The present invention is based on the above findings, and thus, by addition of 7 to 13% Cr together with 2 to 5% Al, electric resistance, magnetic properties such as magnetic response, coercive force, and magnetic flux density are improved without significant increase of tensile strength. In addition, cold forgeability is improved by controlling an amount of C+N to be not higher than 0.015%, Si to be 0.20% or lower, and Mn to be 0.20% or lower.
Further, Ti is added in an amount of not higher than 0.08% to improve the cold forgeability and corrosion resistance, whereas machinability is improved without affecting the cold forgeability by adding at least one ingredient selected from 0.050% or lower S, 0.050% or lower Se, and 0.30% or lower Pb, together with 0.20% or lower Zr and/or 0.030% or lower Te.

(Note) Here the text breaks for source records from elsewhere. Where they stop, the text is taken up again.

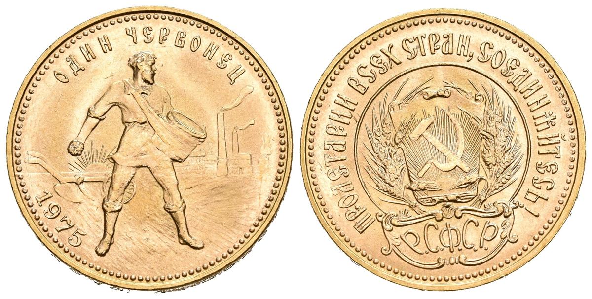 RUSIA (URSS). 10 Rublos. (Au. 8,57g/22mm). 1975. (Km#85a). EBC.
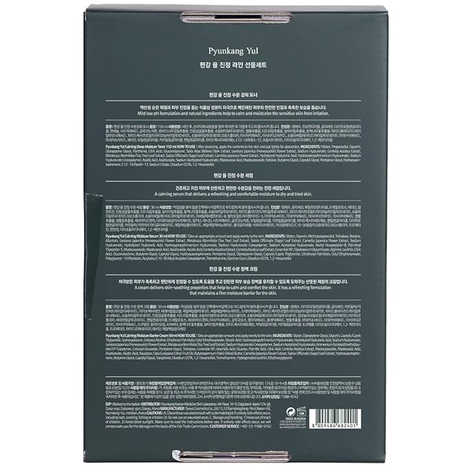 - πΏ WHY PYUNKANG YUL? - Along with know-how recipe of Pyunkang Yul Eastern Medicine Clinic, specialized in treating skin and respiratory diseases for about 50 years, the calming line gift set helps to calm angry skin comfortably by carefully selected ingredients found in nature and rigorous testing.
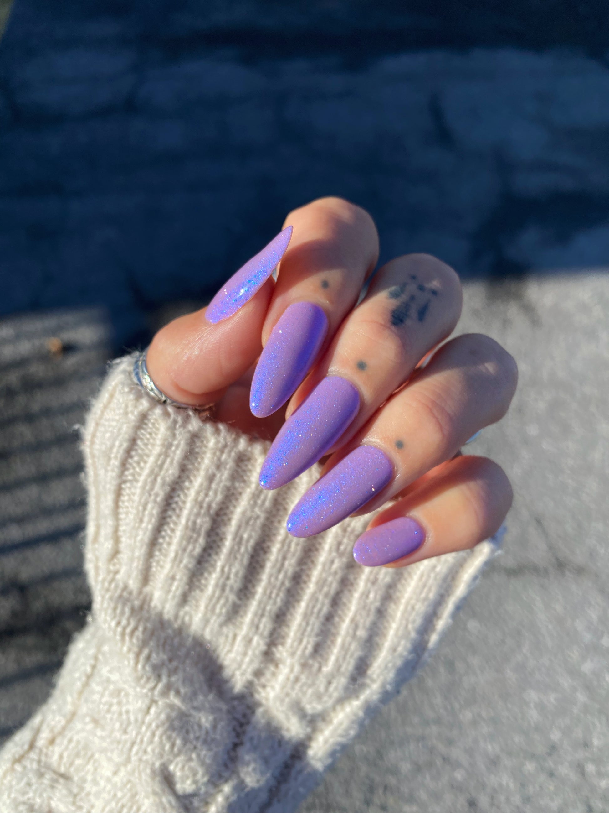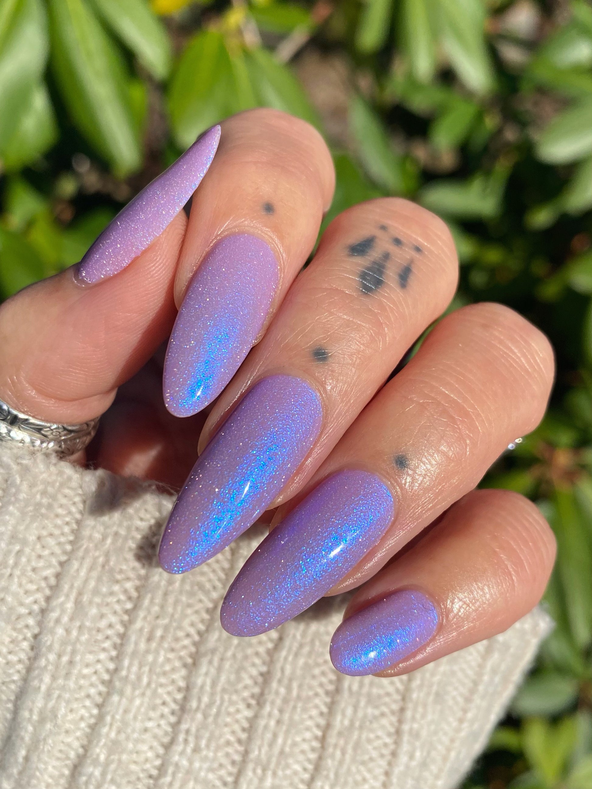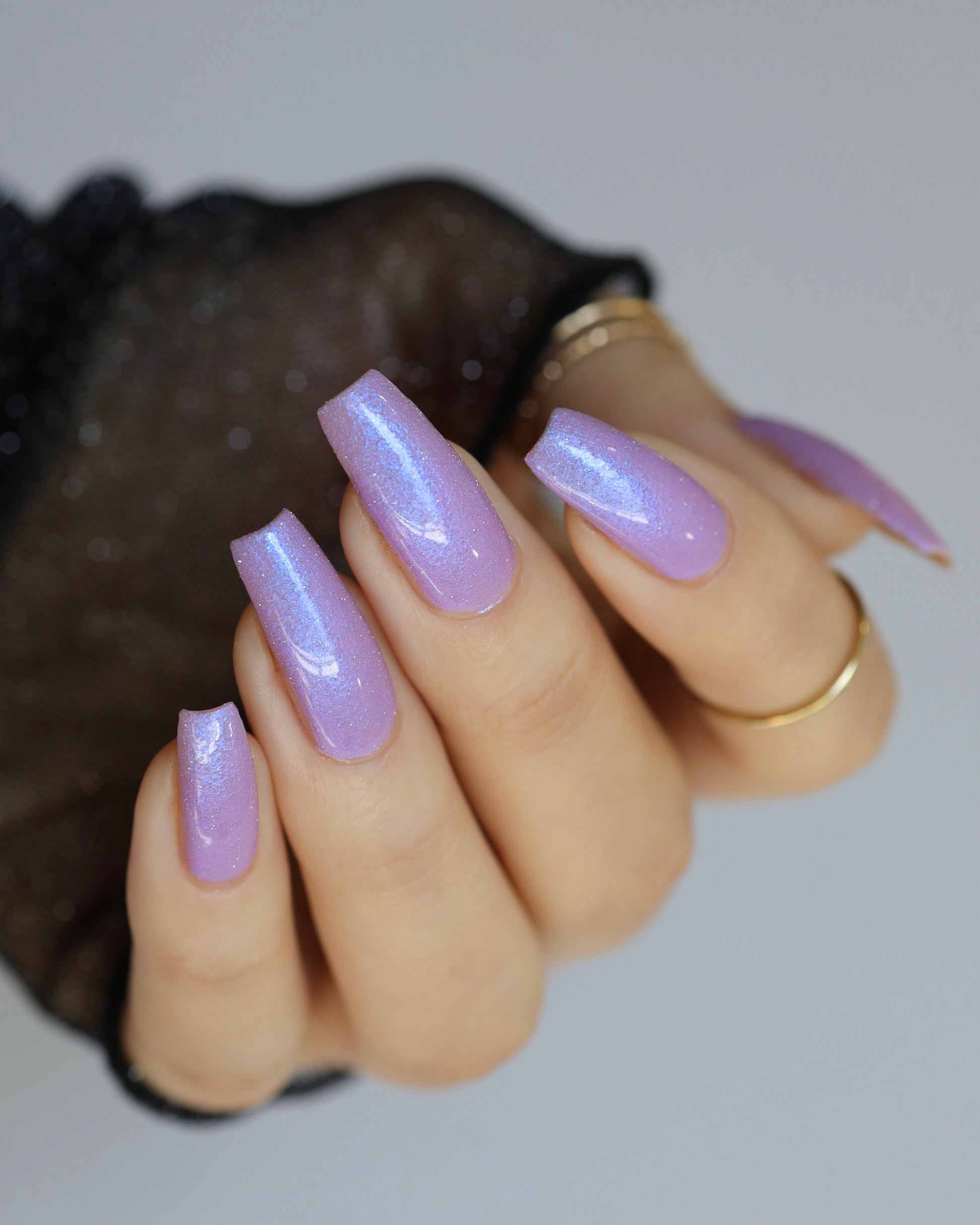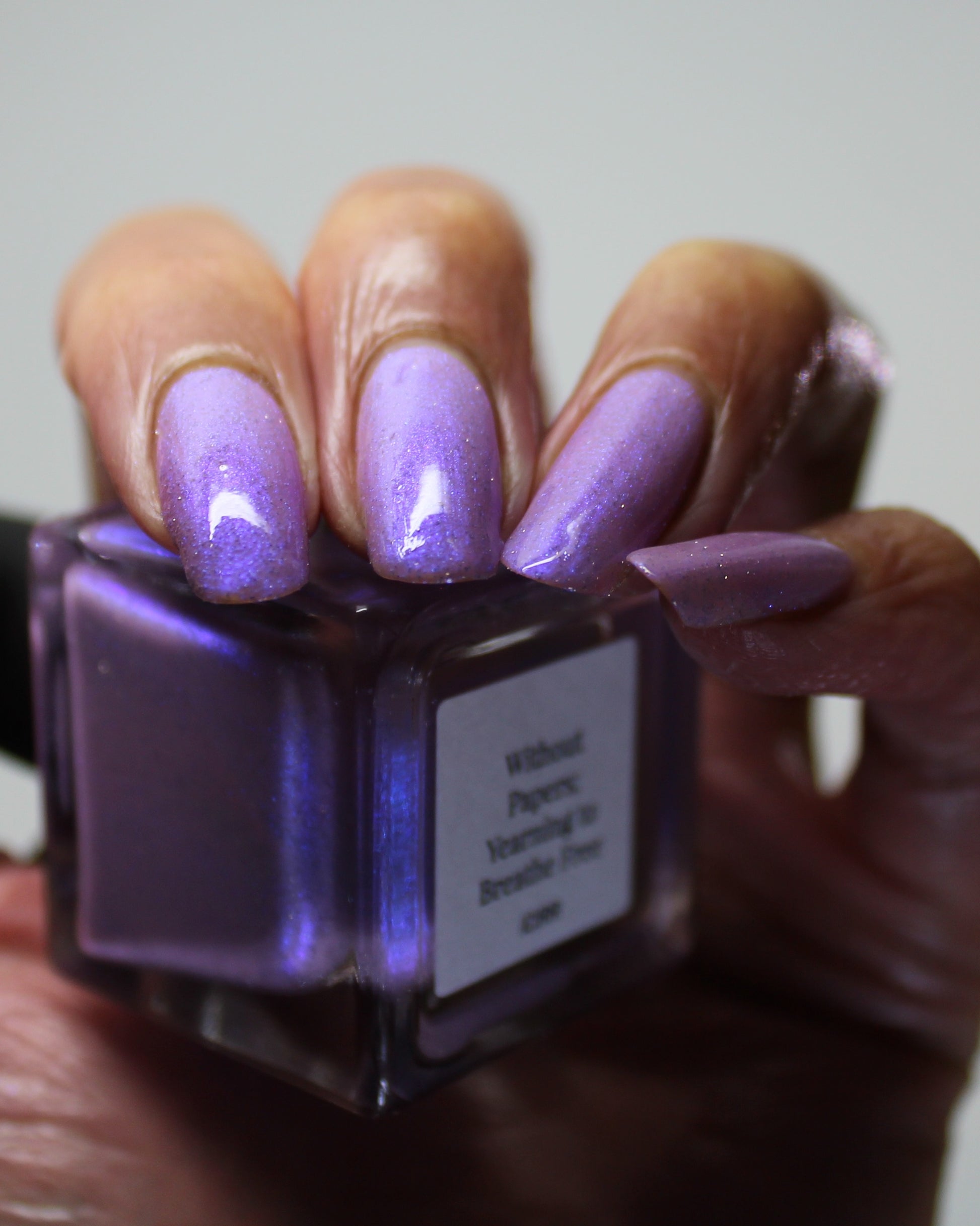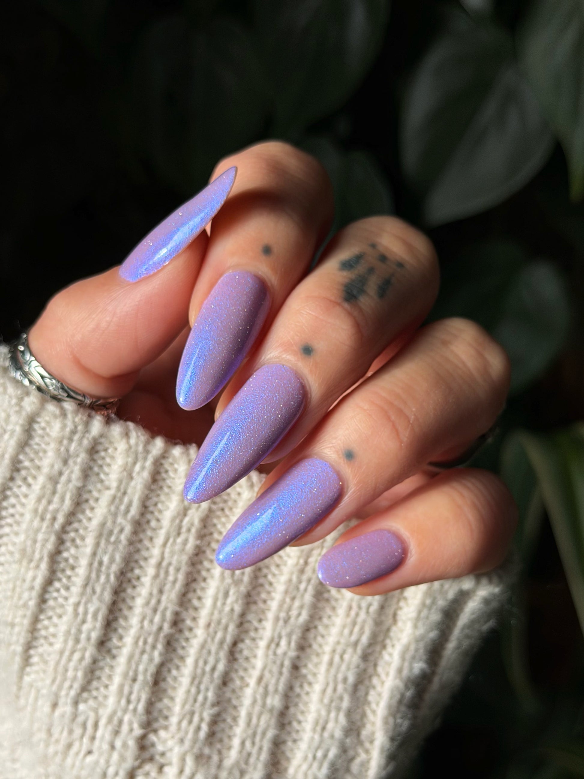 A lilac (purplish pink) crelly base with glowy blue shimmer and subtle silver light reflective glitter

Thus, the present invention relates to a soft magnetic steel which possesses characteristics essential to the aforesaid core materials, which are an electric resistance of 90 μΩ•cm or higher, excellent magnetic properties such as a coercive force of 0.7 Oe or lower, magnetic flux density of 13000 G or higher, and magnetic response with relaxation time of 0.7 msec or shorter, together with improved cold forgeability with a tensile strength of 44 KgF/mm2 or lower, critical compressibility of 60% or higher and with increased corrosion resistance and machinability.

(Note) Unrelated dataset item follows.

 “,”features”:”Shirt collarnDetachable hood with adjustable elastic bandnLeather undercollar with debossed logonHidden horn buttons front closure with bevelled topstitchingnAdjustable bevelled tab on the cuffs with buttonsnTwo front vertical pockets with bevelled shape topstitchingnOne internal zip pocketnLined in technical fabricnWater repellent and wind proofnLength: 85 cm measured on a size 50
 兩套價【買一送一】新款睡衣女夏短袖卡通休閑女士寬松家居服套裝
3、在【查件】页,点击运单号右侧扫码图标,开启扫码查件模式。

That is, the first invention consists by weight of 0.015% or lower C+N, 0.20% or lower Si, 0.20% or lower Mn, 7 to 13% Cr, 2 to 5% Al, and Fe with impurities; the second invention is further improved in magnetic properties, corrosion resistance, and cold forgeability by adding 0.08% or lower Ti to the alloy steel of the first invention; the third invention is further improved in machinability without affecting the cold forgeability of the first invention, by adding at least one ingredient selected from 0.050% or lower S, 0.050% or lower Se, and 0.30% or lower Pb, together with 0.20% or lower Zr and/or 0.030% or lower Te to the alloy steel of the first invention; and the fourth invention is improved in machinability without affecting the cold forgeability of the second invention by adding at least one of of ingredient selected from 0.050% or lower S, 0.050% or lower Se, and 0.30% or lower Pb, together with 0.20% or lower Zr and/or 0.030% or lower Te to the alloy steel of the second invention.
The reason for limiting chemical compositions is explained in detail as set forth below.
Addition of Cr improves electric resistance, magnetic properties, and corrosion resistance; the effect is more remarkable when added together with 2 to 5% Al. When the addition is less than 7% Cr, insufficient effect is obtained in electric resistance, magnetic response, and corrosion resistance, therefore, the lower limit is set at 7%. When the addition exceeds 13%, however, magnetic response and cold forgeability are affected, therefore, the upper limit is set at 13%.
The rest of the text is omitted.